The demand for money is the desire to keep one’s wealth in the form of money, rather than spending it on goods and services or purchasing financial assets like bonds or shares. This desire arises from three motives: the transactions motive, the precautionary motive, and speculative motive. The transactions demand for money occurs when individuals need to hold money for daily transactions such as buying petrol, paying for groceries, or purchasing a newspaper. Every person will hold a specific amount of money.

The average amount of money held for transactions is affected by three factors: money income, price level, and frequency of pay days. When money income is higher, people tend to spend more on goods and services, which in turn increases the need for transaction balances. Similarly, an increase in the price level encourages a greater demand for money used in transactions. Additionally, if pay days are less frequent within a specific time period, there will be a greater demand for money used in transactions.

The demand for money can vary depending on interest rates. When interest rates increase, the transaction demand for money decreases, while it expands when interest rates decrease. It is more convenient to retain some money rather than invest in assets that generate interest because buying and selling these assets involve costs and efforts when purchasing is necessary. Moreover, the need to be prepared for unexpected situations also influences the demand for money. The precautionary demand for money enables individuals to have funds accessible to handle unforeseen events like car breakdowns, prolonged illnesses, or sudden job losses.

As income per time period increases, the potential cost of unexpected events such as job loss also increases, leading to a greater need for holding money as a precautionary measure. The precautionary demand for money will decrease as the interest rate goes up.

Transactions (T) and precautionary (P) demands for money vary inversely with the interest rate. As the interest rate declines, T + P rises, and vice versa. When there is a change in income level at a given interest rate (e.g. 1), the T + P curve shifts to the right, leading to an increase in the quantity of money demanded from M1 to M2.

The speculative demand for money differs from the transaction and precautionary motives. The former is based on the anticipation of gaining or avoiding losses, while the latter two are related to using money as a medium of exchange. To meet speculative demand, individuals can hold either money or fixed income bonds. As bond prices increase, investors find them more appealing than holding onto cash.

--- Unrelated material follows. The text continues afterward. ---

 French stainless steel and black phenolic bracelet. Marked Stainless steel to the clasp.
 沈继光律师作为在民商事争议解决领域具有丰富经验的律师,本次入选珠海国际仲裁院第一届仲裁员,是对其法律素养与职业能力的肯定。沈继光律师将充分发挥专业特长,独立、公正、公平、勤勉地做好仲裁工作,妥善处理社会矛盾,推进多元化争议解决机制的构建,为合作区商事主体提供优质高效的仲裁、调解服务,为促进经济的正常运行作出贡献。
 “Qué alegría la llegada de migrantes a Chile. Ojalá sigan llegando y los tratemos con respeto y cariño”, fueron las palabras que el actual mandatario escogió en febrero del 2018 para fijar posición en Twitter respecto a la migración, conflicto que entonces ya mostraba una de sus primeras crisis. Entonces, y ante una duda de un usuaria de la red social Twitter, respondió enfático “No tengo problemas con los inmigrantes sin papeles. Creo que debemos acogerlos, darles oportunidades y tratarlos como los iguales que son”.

Investors hold contrasting opinions regarding the interest rate, with some expecting it to rise and others predicting a decrease. When individuals perceive the interest rate as excessively high, they generally anticipate a future decline. Consequently, when the interest rate declines, bond prices increase and create opportunities for profitable investments. Conversely, when the interest rate is high, there is substantial demand for bonds but limited demand for holding money for speculative purposes.

If the interest rate is perceived as insufficiently low, it is generally expected to rise in the future. As a consequence, bond prices will decline and lead to losses for bond holders. In anticipation of this price decrease, bond owners will have a strong desire for money as they attempt to sell their bonds prior to the reduction in price. The decrease in interest rate from r1 to r2 stimulates this surge in speculative demand.

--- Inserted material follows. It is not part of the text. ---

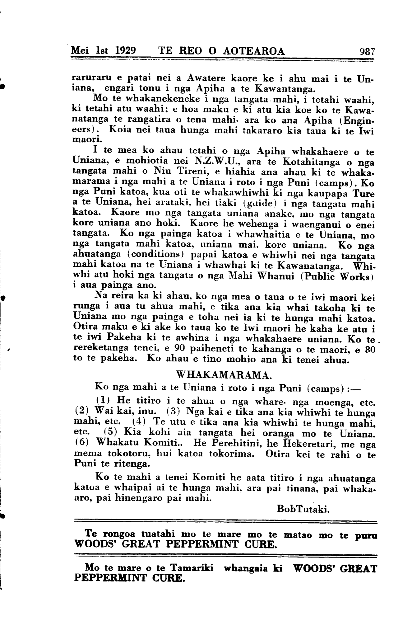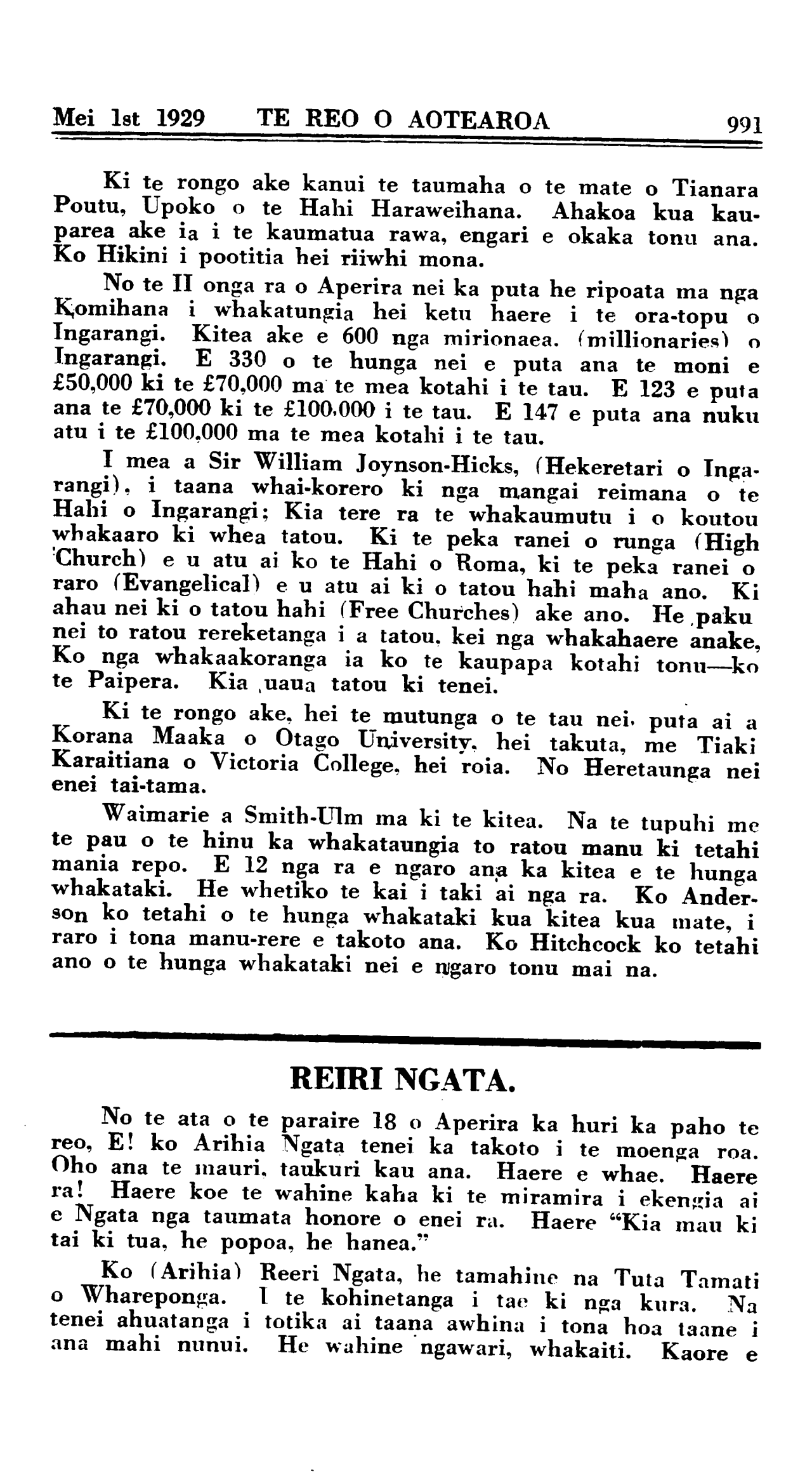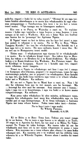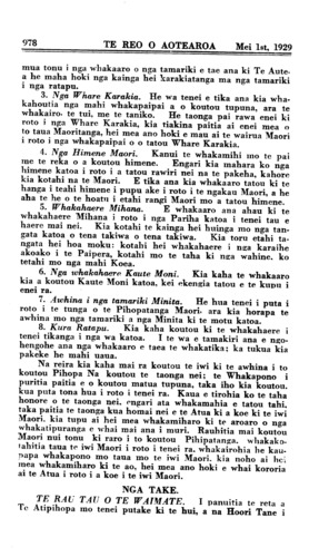 978 TE REO O AOTEAROA Mei 1st, 1929

When the interest rate is very low (r3), there is a strong reaction in the demand for money due to speculation. It is widely believed that this interest rate will increase in the future. Consequently, individuals are reluctant to invest in bonds and opt to keep cash instead. Conversely, when the interest rate is perceived as high (r4), everyone expects a decline in the interest rate, which may lead to potential capital gains.

When speculation decreases, individuals tend to prefer bonds over money as the demand for money is influenced by factors such as prices, real income, and interest rates. The diagram below illustrates the advantages of holding money through transactions, precautionary, and speculative motives. Money enables people to buy goods.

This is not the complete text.